§ Problem to solve
Your task is to return all the entries below exactly, with every picture omitted.

§ Input for this task
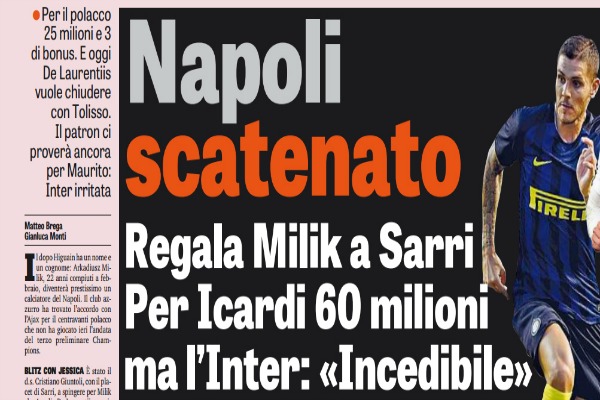 Gazzetta dello Sport: “Napoli scatenato regala Milik a Sarri; per Icardi 60 milioni, ma l’Inter: «Incedibile»”
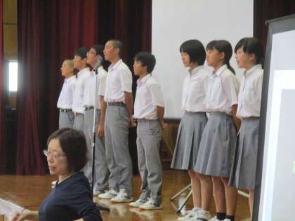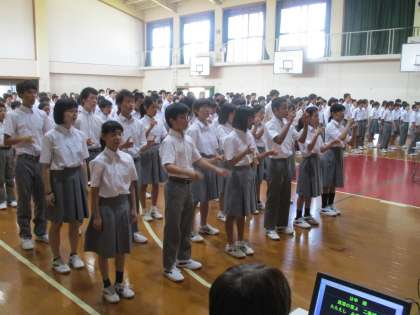 まずは全校で校歌を歌います。伴奏は吹奏楽部です。いつもありがとう。
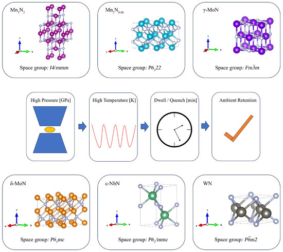 Representative bulk TMN structures and an HPHT pressure–temperature–time (P-T-t) pathway. In all TMN structures shown (e.g., Mn3N2, Mn2N0.86, γ/δ-MoN, ε-NbN, WN), the colored spheres represent transition-metal atoms, whereas the white spheres represent N atoms.
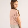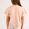 La remera Jade, confeccionada en tela flamme jersey, presenta un delicado detalle en los hombros donde la tela se une con un borde al corte, añadiendo un toque distintivo al diseño.
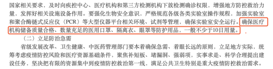 5月21日,国家卫健委联合3部门发布《公共卫生防控救治能力建设方案》(以下简称《方案》),各地将参照《传染病医院建设标准》,确保医疗机构储备质量合格,有数量充足的医用口罩、隔离衣、眼罩等防护用品,一般不少于10日用量;并加强基础设施建设和设备改造升级,配套建设医疗废弃物和污水处置设施,强化相关物资储备。各地根据实际情况,在每个城市选择1-2所现有医疗机构进行改扩建。(卫健委)

§ Expected answer
 Gazzetta dello Sport: “Napoli scatenato regala Milik a Sarri; per Icardi 60 milioni, ma l’Inter: «Incedibile»”
 まずは全校で校歌を歌います。伴奏は吹奏楽部です。いつもありがとう。
 Representative bulk TMN structures and an HPHT pressure–temperature–time (P-T-t) pathway. In all TMN structures shown (e.g., Mn3N2, Mn2N0.86, γ/δ-MoN, ε-NbN, WN), the colored spheres represent transition-metal atoms, whereas the white spheres represent N atoms.
 La remera Jade, confeccionada en tela flamme jersey, presenta un delicado detalle en los hombros donde la tela se une con un borde al corte, añadiendo un toque distintivo al diseño.
 5月21日,国家卫健委联合3部门发布《公共卫生防控救治能力建设方案》(以下简称《方案》),各地将参照《传染病医院建设标准》,确保医疗机构储备质量合格,有数量充足的医用口罩、隔离衣、眼罩等防护用品,一般不少于10日用量;并加强基础设施建设和设备改造升级,配套建设医疗废弃物和污水处置设施,强化相关物资储备。各地根据实际情况,在每个城市选择1-2所现有医疗机构进行改扩建。(卫健委)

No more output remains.